» **TASK OBJECTIVE**
A verbatim repeat of the lines below is required, with the pictures removed.

» **DATA BELOW**

<<<<

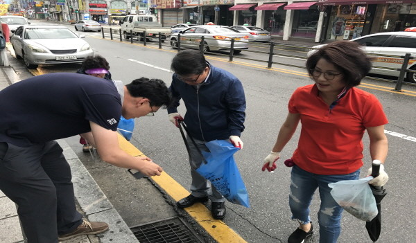 경기 이천시지속가능발전협의회는 지난 3일 시민단체와 함께하는 이천종합터미널 주변 아침 대청소를 실시했다. 사진은 조병돈 이천시장(가운데) 및 협의회 관계자들이 쓰레기를 수거하는 모습.(사진제공=이천시청)
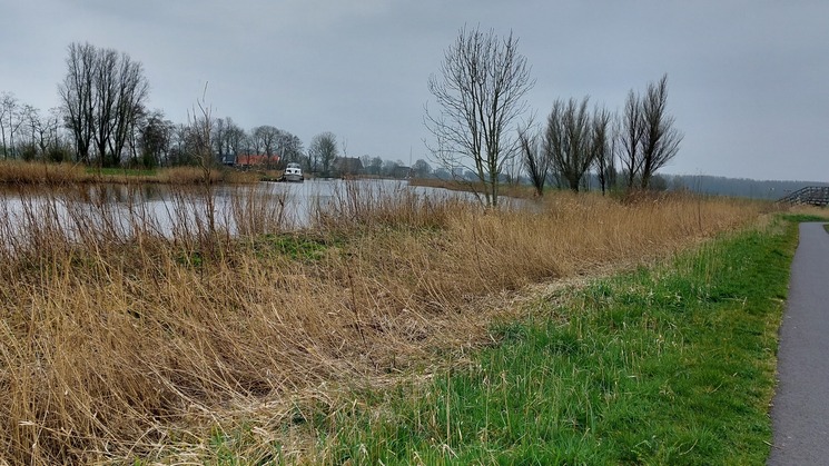 Ik ga een andere kant op en zie nu niemand meer voor me, maar ook niet achter me. Ik heb het idee dat ik de enige (nog) ben die de 30km wandelt. Gelukkig komt er na een paar kilometer een stel achterop die ik bij de start ook heb gezien. Zij halen mij in, en dat maakt dat ik weer een richtpunt heb. Ik kijk nog steeds regelmatig op mijn mobiel en zie wel dat het percentage stroom wel wat snel naar beneden gaat. Ik bedenk dat het waarschijnlijk ligt aan de app, in combinatie met 'mijn locatie'. Die functionaliteit gaat immers met gps, en dat kost extra stroom. Ik probeer de app wat minder te gebruiken, zeker als de route beperkt is tot één weg. Via Cornjum en Britsum gaan we met een slinger, langs de Dokkumer Ee, weer richting Leeuwarden.
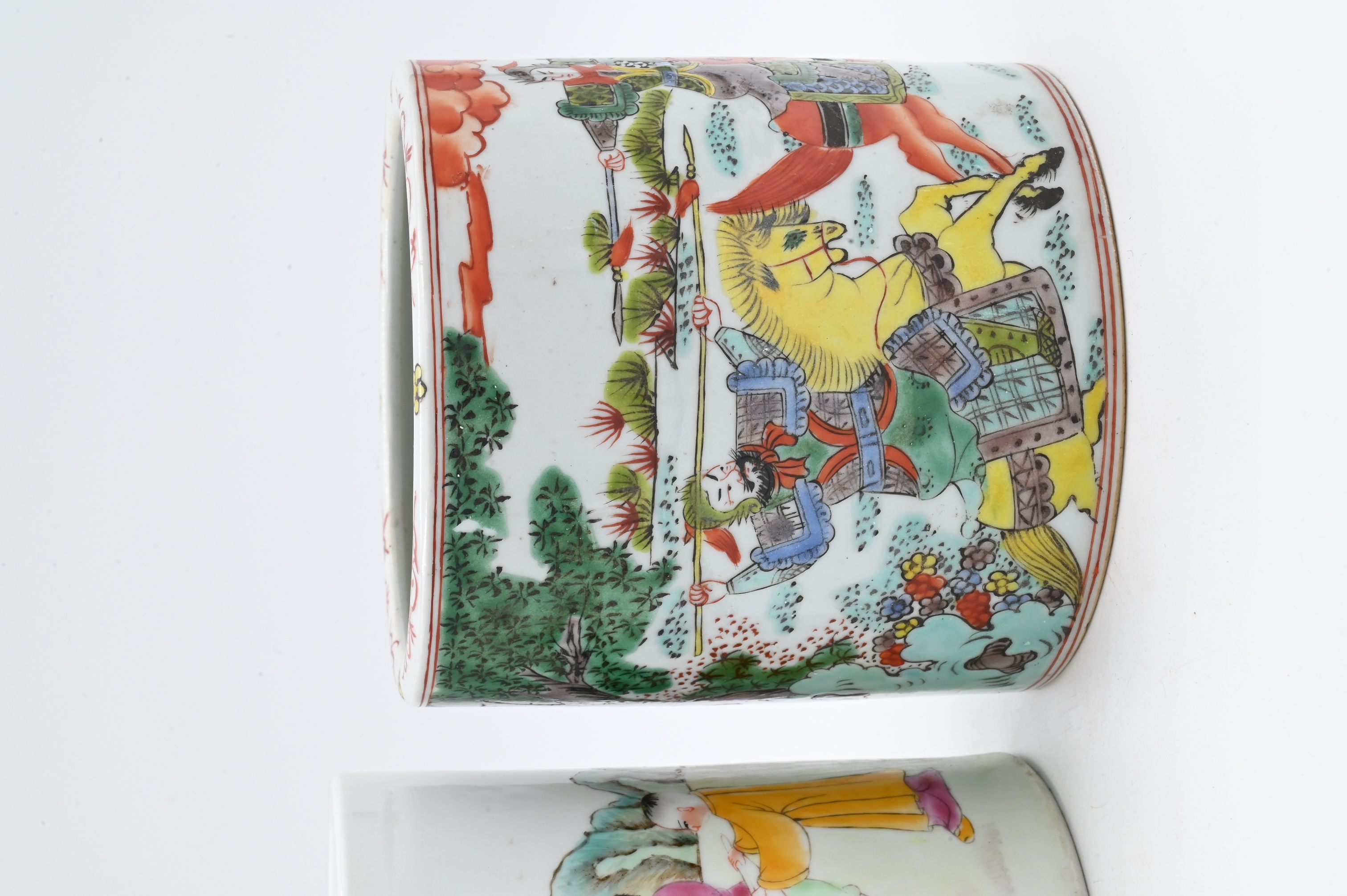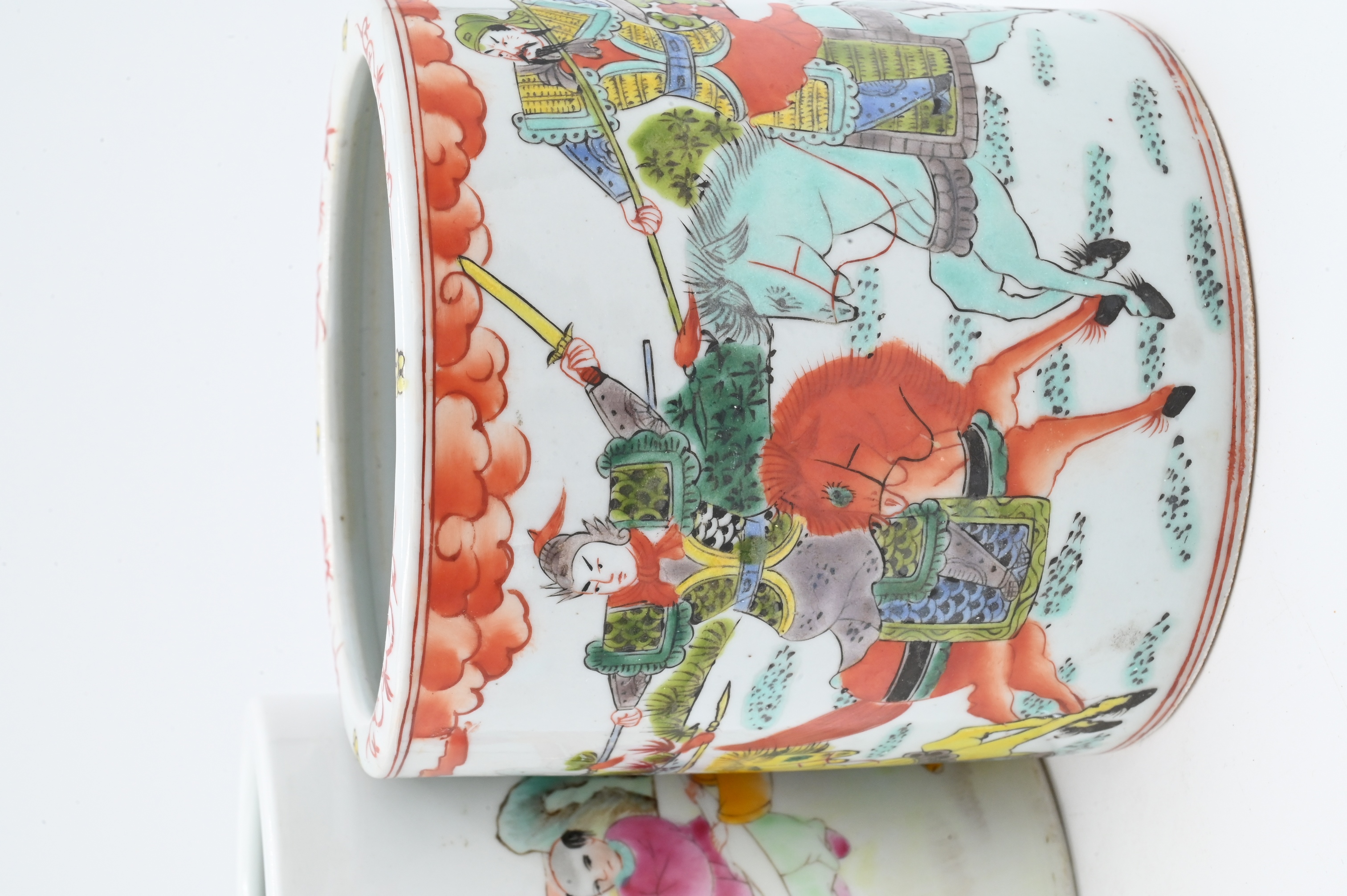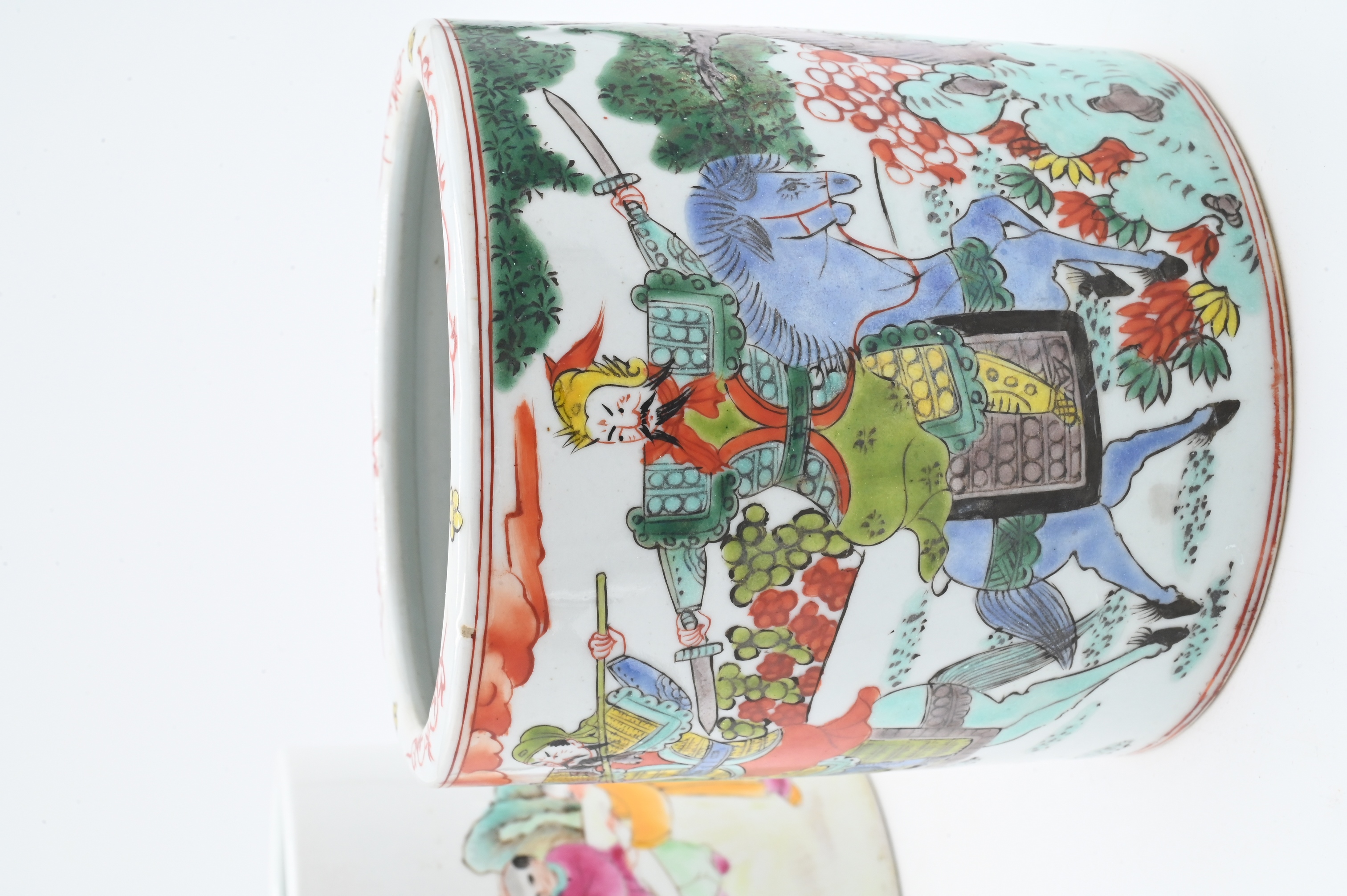 one Wucai style having warriors on horseback scene, red character seal to base, 19th century, height 5 1/4 inches

>>>>

» **TASK ANSWER**
 경기 이천시지속가능발전협의회는 지난 3일 시민단체와 함께하는 이천종합터미널 주변 아침 대청소를 실시했다. 사진은 조병돈 이천시장(가운데) 및 협의회 관계자들이 쓰레기를 수거하는 모습.(사진제공=이천시청)
 Ik ga een andere kant op en zie nu niemand meer voor me, maar ook niet achter me. Ik heb het idee dat ik de enige (nog) ben die de 30km wandelt. Gelukkig komt er na een paar kilometer een stel achterop die ik bij de start ook heb gezien. Zij halen mij in, en dat maakt dat ik weer een richtpunt heb. Ik kijk nog steeds regelmatig op mijn mobiel en zie wel dat het percentage stroom wel wat snel naar beneden gaat. Ik bedenk dat het waarschijnlijk ligt aan de app, in combinatie met 'mijn locatie'. Die functionaliteit gaat immers met gps, en dat kost extra stroom. Ik probeer de app wat minder te gebruiken, zeker als de route beperkt is tot één weg. Via Cornjum en Britsum gaan we met een slinger, langs de Dokkumer Ee, weer richting Leeuwarden.
 one Wucai style having warriors on horseback scene, red character seal to base, 19th century, height 5 1/4 inches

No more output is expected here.